This is the repository that contains the source code for the ACL 2024 Demo of EmpathyEar: An Open-source Avatar Multimodal Empathetic Chatbot. EmpathyEar is a pioneering open-source, avatar-based multimodal empathetic chatbot, to fill the gap in traditional text-only empathetic response generation (ERG) systems.
resized-video-demo-trimmed.mp4
- Download ChatGLM3 chekpoints from https://huggingface.co/THUDM/chatglm3-6b/tree/main and place it in the ChatGLM-6B folder.
- Download pre-trained ChatGLM3 lora checkpoints from https://pan.baidu.com/s/14zzdxyRZL3dqBmI2hJPlIw?pwd=qj4w and place it in the ChatGLM-6B folder. You can also fine-tune ChatGLM by following these steps:
cd chatglm
./scripts/finetune_lora.sh
- Download the pre-trained StyleTTS2 model on LibriTTS at https://huggingface.co/yl4579/StyleTTS2-LibriTTS/tree/main and place it in the StyleTTS2-LibriTTS folder.
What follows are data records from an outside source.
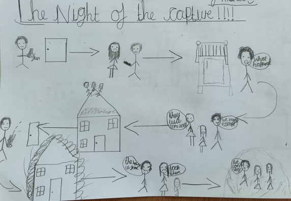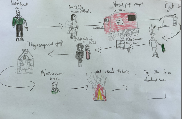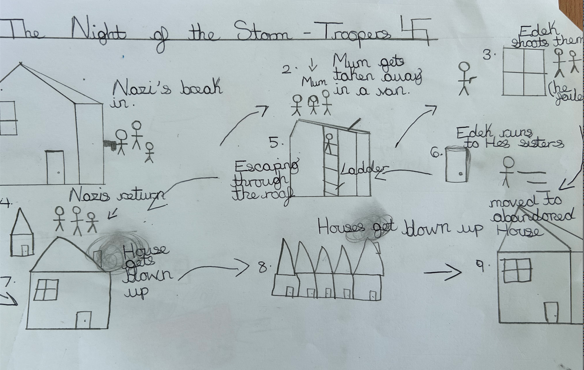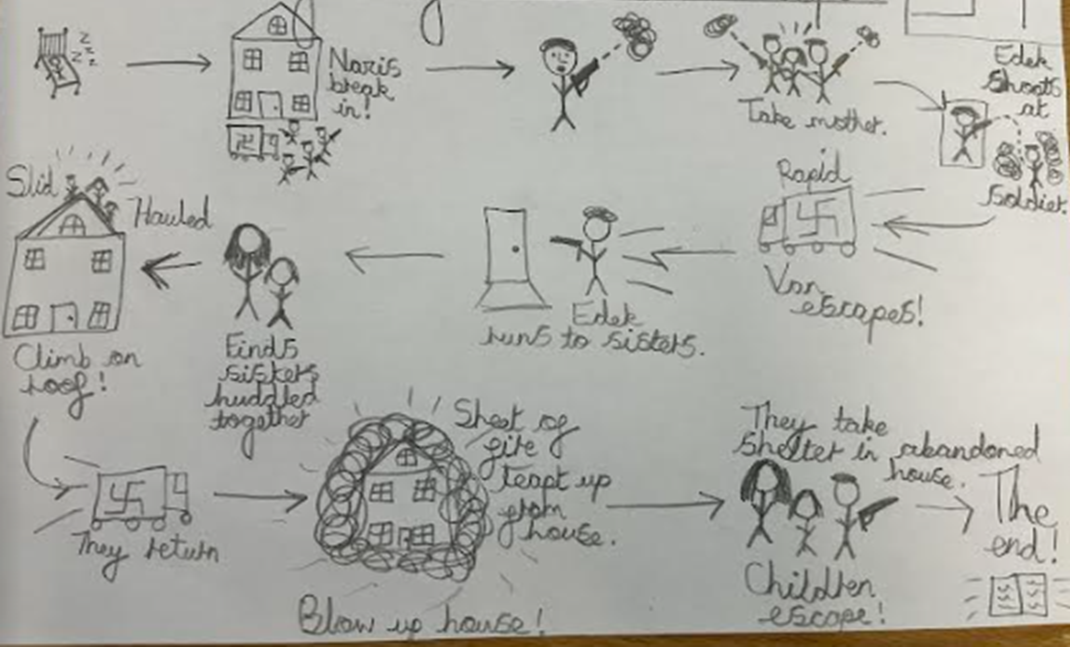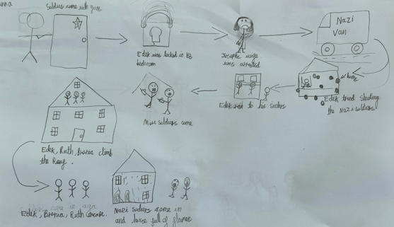 In our next writing cycle, we are going to be retelling the events of the Nazi invasion from the perspective of Joseph’s youngest daughter, Bronia. We drew our own story map to ensure we were clear about the key events within the chapter. We added ambitious language from the text to our maps.
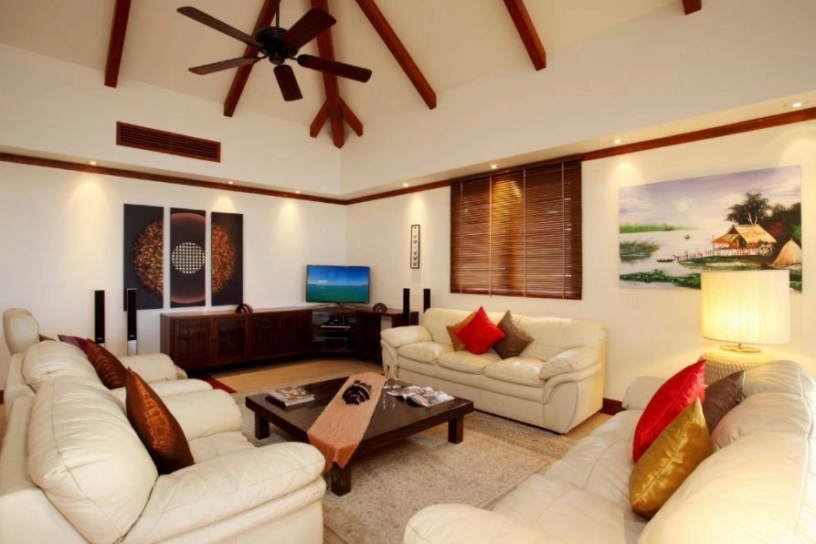 L’aménagement unique comprend un salon extérieur spacieux avec un grand pavillon ombragé et une belle piscine à débordement d’angle incurvé surplombant la mer d’Andaman, peut-être l’une des meilleures vues du domaine. Les quatre chambres ont un mélange de type de lit idéal pour les familles avec enfants. Les deux suites principales ont des lits king-size (le deuxième maître peut être changé en lits jumeaux) et des baignoires à remous divines dans la salle de bains, ainsi que des balcons, pour profiter de la vue. La troisième chambre a des lits jumeaux et un lit superposé, et la quatrième a deux lits simples qui peuvent être convertis en king-size, les deux chambres ont une salle de bains avec douche.
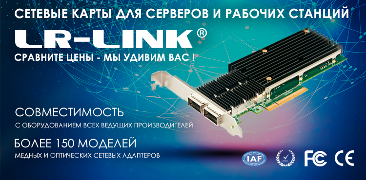 Оптические и медные сетевые карты LR-LINK. Более 150-ти моделей сетевых адаптеров для серверов и рабочих станций. Сетевые карты с интерфейсами SFP+, QSFP, SC, ST, LC, RJ45. Уникальные Bypass, PoE, Uni-directional, USB сетевые адаптеры.
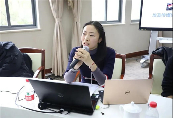 东方语学院鞠舒文老师分享了自己在埃及传媒生态方面的观察与研究成果,对中阿之间的传播提出了实际建议,展示了中心依托上外多语种优势进行跨学科研究的部分成果。
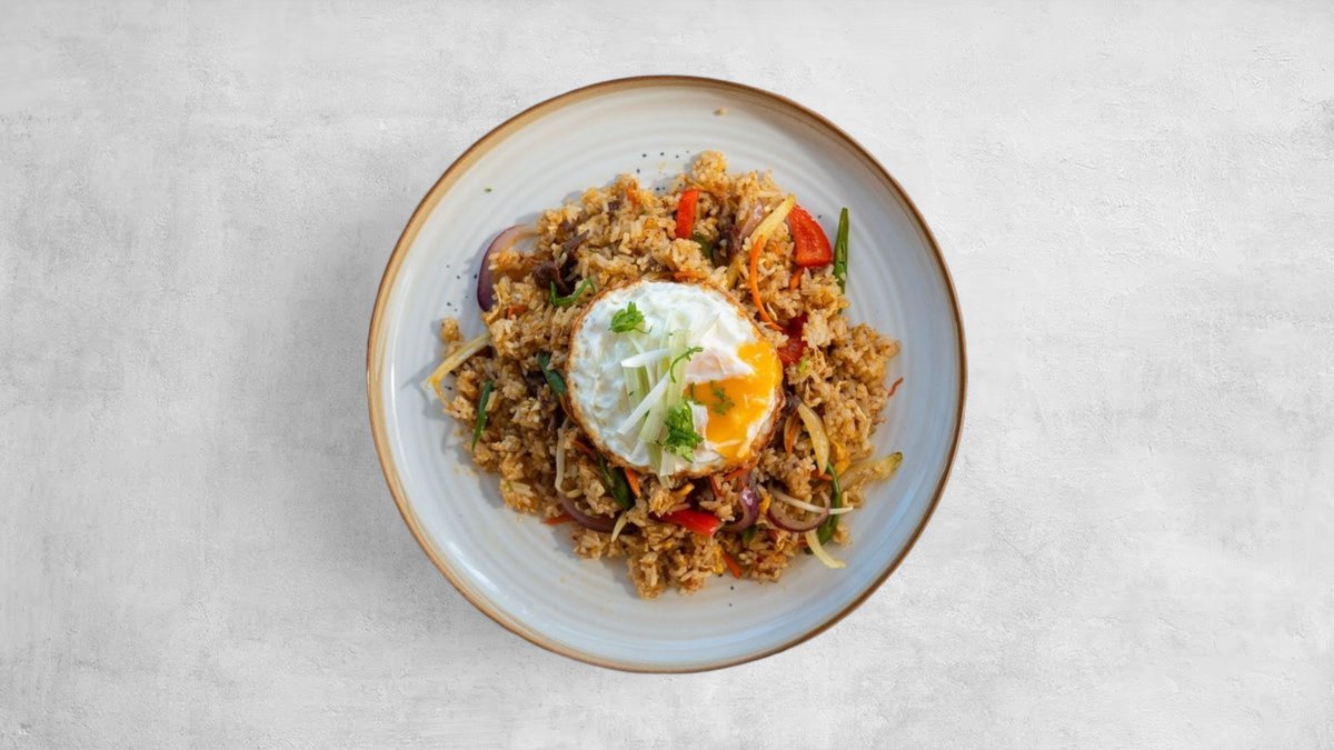 indonéská smažená pikantní rýže s variací masa, zeleninou a sázeným vejcem

- Download the pretrained models for EAT and place them in the ckpt,[Utils] folder respectively according to the following steps.
gdown --id 1KK15n2fOdfLECWN5wvX54mVyDt18IZCo && unzip -q ckpt.zip -d ckpt
gdown --id 1HGVzckXh-vYGZEUUKMntY1muIbkbnRcd && unzip -q Utils.zip -d Utils
conda env create -f environment.yml
conda activate empathyear
python inference.py
The generated TTS wav files will be saved in TTS_audio, and the generated talking face videos will be saved in MP4_video.
We acknowledge these works for their public codes: ChatGLM3, ImageBind, StyleTTS2, EAT.
This repository is under BSD 3-Clause License. EmpathyEar is a research project intended for non-commercial use only. One must NOT use the code of EmpathyEar for any illegal, harmful, violent, racist, or sexual purposes. One is strictly prohibited from engaging in any activity that will potentially violate these guidelines. Any potential commercial use of this code should be approved by the authors.